| To do |
The copy must match the data word for word and contain no pictures.

| Given material |
----------
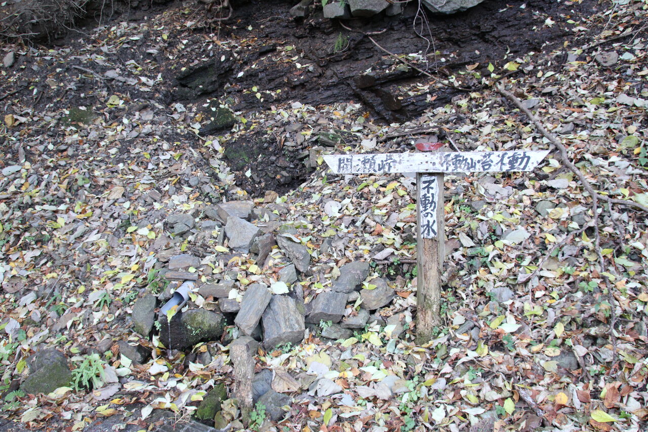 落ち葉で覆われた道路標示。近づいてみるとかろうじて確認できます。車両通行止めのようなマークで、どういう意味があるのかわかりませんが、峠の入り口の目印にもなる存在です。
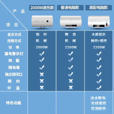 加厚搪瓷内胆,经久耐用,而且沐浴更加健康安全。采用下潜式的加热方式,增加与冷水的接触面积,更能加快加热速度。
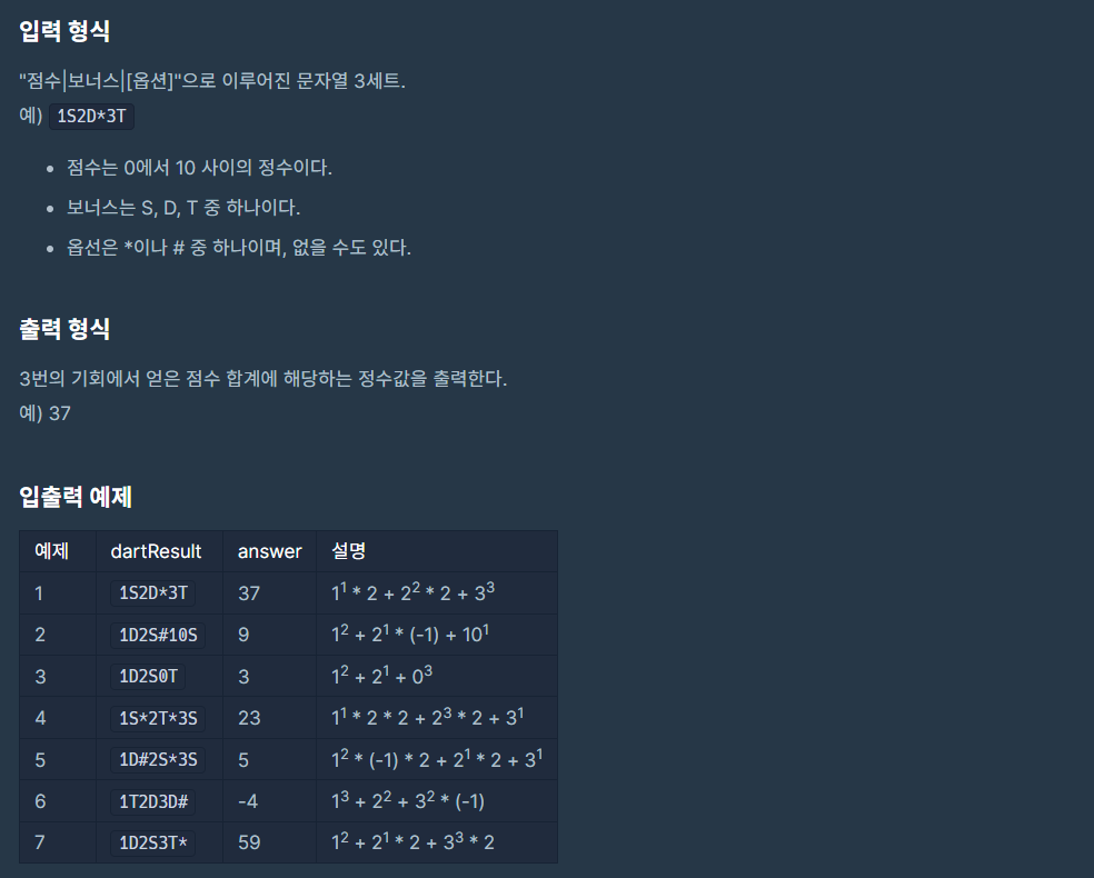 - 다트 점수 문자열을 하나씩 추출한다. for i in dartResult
----------
| Task output |
 落ち葉で覆われた道路標示。近づいてみるとかろうじて確認できます。車両通行止めのようなマークで、どういう意味があるのかわかりませんが、峠の入り口の目印にもなる存在です。
 加厚搪瓷内胆,经久耐用,而且沐浴更加健康安全。采用下潜式的加热方式,增加与冷水的接触面积,更能加快加热速度。
 - 다트 점수 문자열을 하나씩 추출한다. for i in dartResult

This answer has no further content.